# Tile is 1/2" higher than the wood floor



## Grampa Bud (Apr 6, 2009)

Why not? There are thresholds for differing floor heights. Wood to carpet. Tile to wood, whatever. If you want a perfectly flat transition, ie. no threshold; then just put down 1/2" osb underlayment and lay the hardwood.


----------



## Bob Mariani (Dec 1, 2008)

If the tile is higher use bull nose edging pieces


----------



## Karde (Sep 13, 2008)

*Grandpa Bud: *I agree that OSB to raise the floor would be ideal, but this would mean the entire first floor and get expensive (I am still considering it though).

*Bob: *I like the idea of a bull nose, but I am concerned that it may be a trip hazard.

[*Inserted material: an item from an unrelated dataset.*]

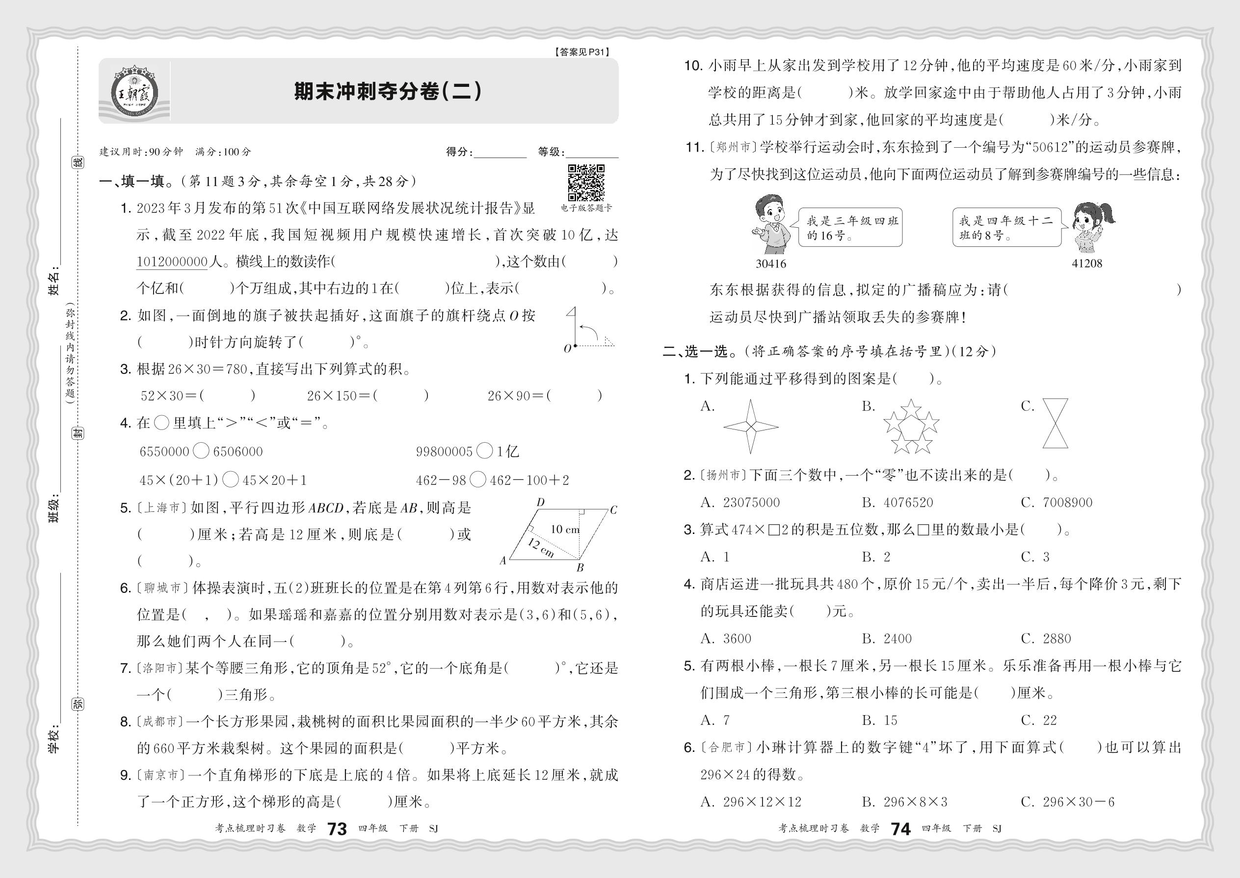 2024春下册四年级数学苏教版 期末冲刺夺分卷(二)

Are you of the opinion that at a height of 1/2" that I should not be concerned?


----------



## waterman1971 (Apr 19, 2009)

Bob Mariani said:


> If the tile is higher use bull nose edging pieces


 This !


----------



## Grampa Bud (Apr 6, 2009)

Another posibility if you have 12 feet of floor space running out into your living room from the tile edge would be to put a 1-1/2 wide x 1/2" furring strip at the tile. Then every 16 inches put down a 7/16, then a 3/8, then a 5/16, then a 1/4, then a 3/16, then a 1/8, then a 1/16 inch furring strip. I really don't think you will see the slope @ 1/16" per 16 inches.


----------



## Floordude (Apr 23, 2009)

That's a good one Grandpa Bud. That might be the best way IMO.



Grampa Bud said:


> Another posibility if you have 12 feet of floor space running out into your living room from the tile edge would be to put a 1-1/2 wide x 1/2" furring strip at the tile. Then every 16 inches put down a 7/16, then a 3/8, then a 5/16, then a 1/4, then a 3/16, then a 1/8, then a 1/16 inch furring strip. I really don't think you will see the slope @ 1/16" per 16 inches.


----------



## Daniel Holzman (Mar 10, 2009)

I have almost exactly the same situation at my house. I made my own oak transition piece, 3-1/2 inches wide, 3/4 inch thick, back cut with a 3/4 inch wide, 1/2 inch deep dado to cover the tile. I cut a 30 degree bevel on the front of the transition piece, works fine, no trip problem, looks good. Or you can buy a standard transition piece from Bruce or another company that can accommodate most any transition height.


----------



## Karde (Sep 13, 2008)

Daniel Holzman said:


> I have almost exactly the same situation at my house. I made my own oak transition piece, 3-1/2 inches wide, 3/4 inch thick, back cut with a 3/4 inch wide, 1/2 inch deep dado to cover the tile. I cut a 30 degree bevel on the front of the transition piece, works fine, no trip problem, looks good. Or you can buy a standard transition piece from Bruce or another company that can accommodate most any transition height.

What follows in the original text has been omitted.